The Australian Taxation Office (ATO) has issued a few tax rulings in relation to the tax treatment of cryptocurrencies. In summary, a bitcoin (and other cryptocurrencies) under Australian tax law is:
A Capital Gain Tax (CGT) asset;
Trading stock when the bitcoin is held for the purpose of sale or exchange in the ordinary course of a business;
Not a foreign currency for income tax purposes - foreign exchange currency rules are not applicable to cryptocurrency;
Importantly, the common myth is that taxing only occurs when a trade in cryptocurrency is converted back into ‘normal’ currency, such as Australian Dollars (AUD).
In reality, taxing points occur every time a crypto unit (or part thereof) you hold is sold, exchanged or otherwise disposed of. This could include:
Converting or exchanging for a different crypto unit (e.g. exchanging Bitcoin for Dogecoin);
Exchanging or purchasing for goods or services (e.g. paying your accountant for business advisory using Ethereum); or
Cashing out to ‘real’ money (e.g. converting your Litecoin for US Dollars (USD)).
How are cryptocurrencies taxed?
Cryptocurrencies are able to be used in much the same ways as traditional currency, they are not a type of currency according to Australian taxation laws. Instead, they are treated similar to other investments for income tax purposes, such as shares.
More often than not, this means a cryptocurrency investment will be considered a Capital Gains Tax (CGT) asset. Capital gains here are taxable to taxpayers in the usual manner at their marginal income tax rate, and the general CGT discount may apply if held for longer than 12 months.
An example, this would mean that at the top marginal tax rate (47%) for individuals with the CGT discount, income tax of $588 would apply on the $2,500 investment gain.
Conversely, capital losses are quarantined and likely only able to offset against other capital gains (not against ordinary income, such as wages or business profits).
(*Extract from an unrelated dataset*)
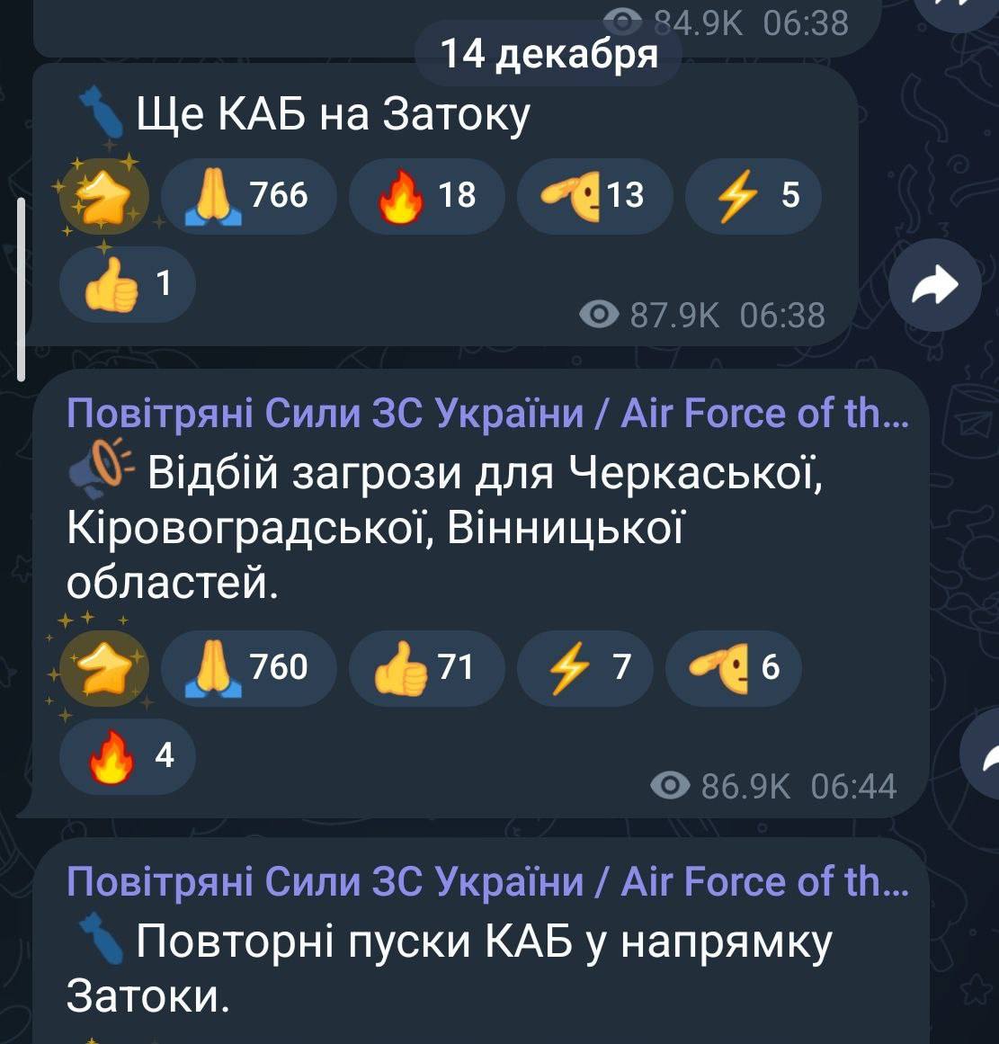 Вони повідомляли про пуски авіабомб у напрямку Затоки (російські паблики стверджують, що метою був неодноразово атакований раніше залізничний міст).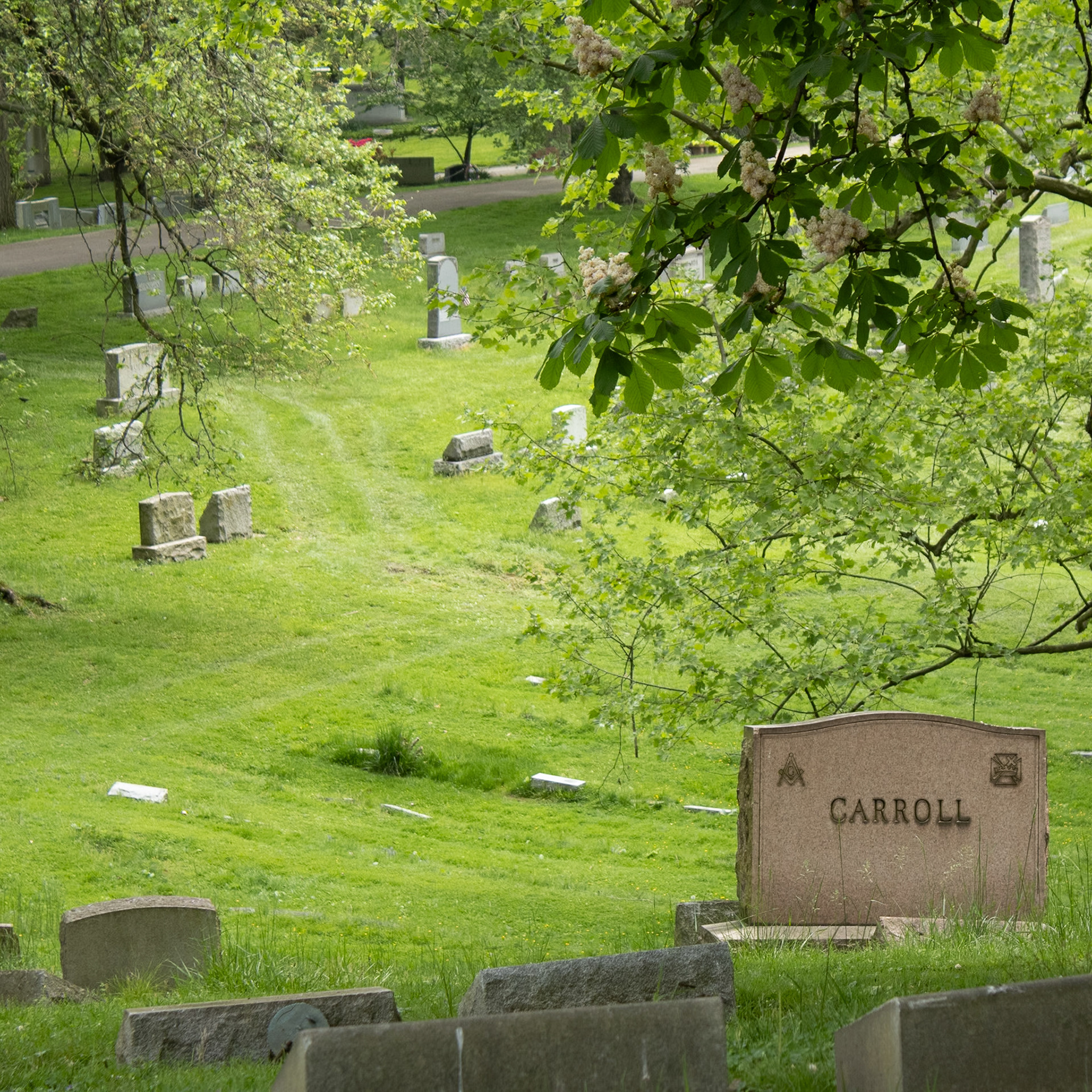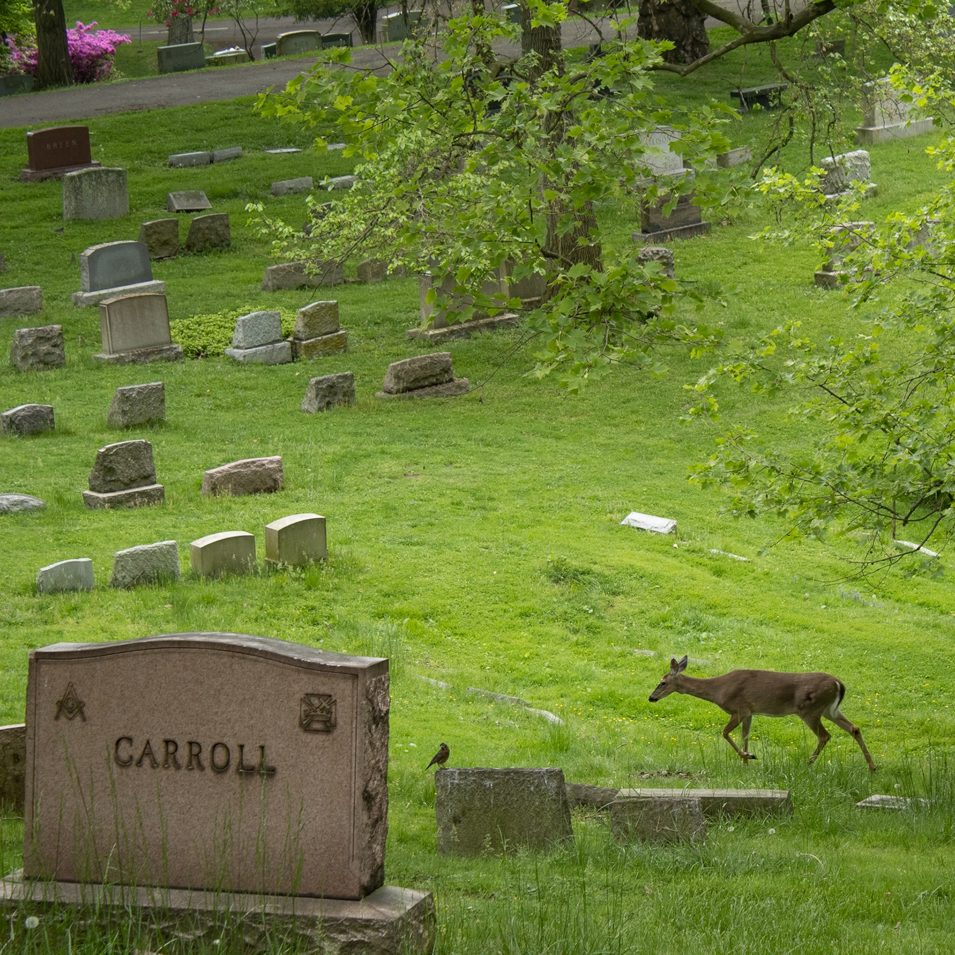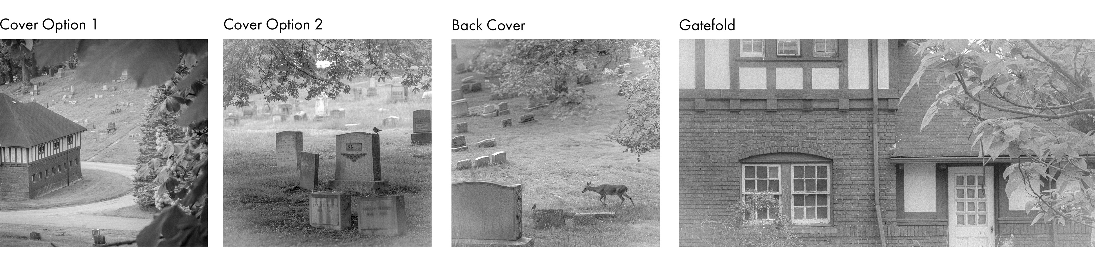 These images were taken at the Homewood Cemetery in Pittsburgh, Pennsylvania. The juxtaposition of the tombstones surrounded by greenery and animals relates to the themes of sitting with life and death in the record.

Similar to share trading though, there may be situations where trading cryptocurrency may instead be deemed to be business income. This may apply where there is a high volume of trading, the units are held for a short term or for speculation, and there is a business-like method or strategy underlying the transactions. This can be a grey area, and classification here will come down to specific facts.
Where a taxpayer’s cryptocurrency trading is considered to be in the form of a business, then no CGT discount applies (though unlikely anyway as generally held short term (less than 12 months)). However, the losses in this case are able to be applied against other ordinary income (as opposed to being quarantined, as capital losses are).
The ATO collects data from cryptocurrency designated service providers to identify individuals or businesses who may have or may be engaged in buying, selling or transferring cryptocurrency from the income year ended 30 June 2015. In order to be able to respond to any ATO enquiry, cryptocurrency owners or traders are required to maintain records in relation to their holdings.